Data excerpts
————
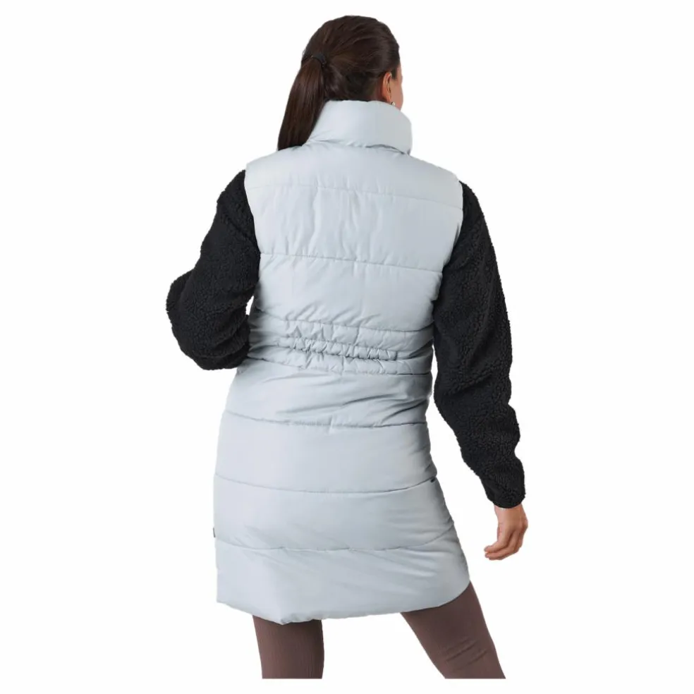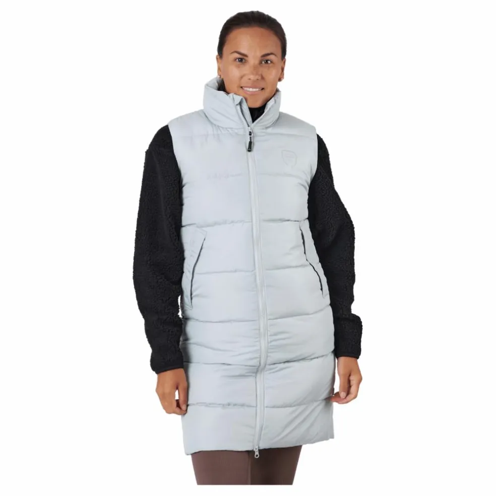 En trendig imiterad dunväst att bära över en träningsoverall eller som ett övergångsplagg på hösten. Elmira är en mycket populär väst tack vare sin stilrena klassiska design och värmande egenskaper. Den ingår även i vår Green Choice-kategori då västen är gjord av återvunnen polyester och imiterad dunfyllning. Du behöver inte frysa i nacken med denna väst då den har en mjuk och hög krage som går att stänga hela vägen upp. Elmira är även utrustad med två framfickor och en innerficka. Dragkedjan har ett skyddande lager för att förhindra att vatten tränger igenom.
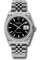 36mm stainless steel case, 18K white gold bezel set with 52 brilliant-cut diamonds, black dial, index hour markers, and stainless steel Jubilee bracelet.
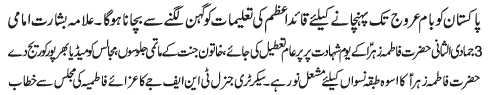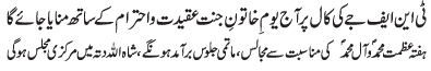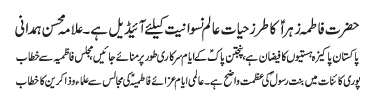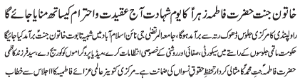 ISLAMABAD, December 8: On the call of the TNFJ, today Youme Khatoon e Jannat will be commemorated with great religious zeal and reverence |
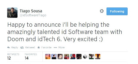 Тиаго Соуса (Tiago Sousa) присоединился к id Software, где он будет работать над id Tech 6 и новым Doom.
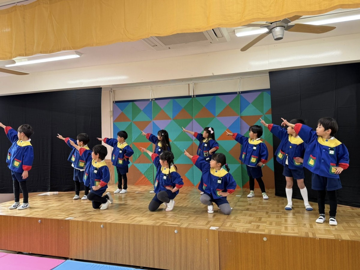 今日は待ちに待った生活発表会本番!秋ごろから練習を始めて、ついにお家の方に見てもらうことが出来ました。今まで練習を頑張ってきた成果を発揮することが出来ました。オペレッタ、お遊戯とっても上手でしたね。最後のお歌は、素敵な歌声が響いていました。堂々と披露する姿がとっても立派なあお組さんでした。
————
Action item: Lines from the one holding "ISLAMABAD, December 8: On" down to the last line of the entries above must be retyped exactly, inclusive of both, with no pictures and nothing else.

Task result:
 ISLAMABAD, December 8: On the call of the TNFJ, today Youme Khatoon e Jannat will be commemorated with great religious zeal and reverence |
 Тиаго Соуса (Tiago Sousa) присоединился к id Software, где он будет работать над id Tech 6 и новым Doom.
 今日は待ちに待った生活発表会本番!秋ごろから練習を始めて、ついにお家の方に見てもらうことが出来ました。今まで練習を頑張ってきた成果を発揮することが出来ました。オペレッタ、お遊戯とっても上手でしたね。最後のお歌は、素敵な歌声が響いていました。堂々と披露する姿がとっても立派なあお組さんでした。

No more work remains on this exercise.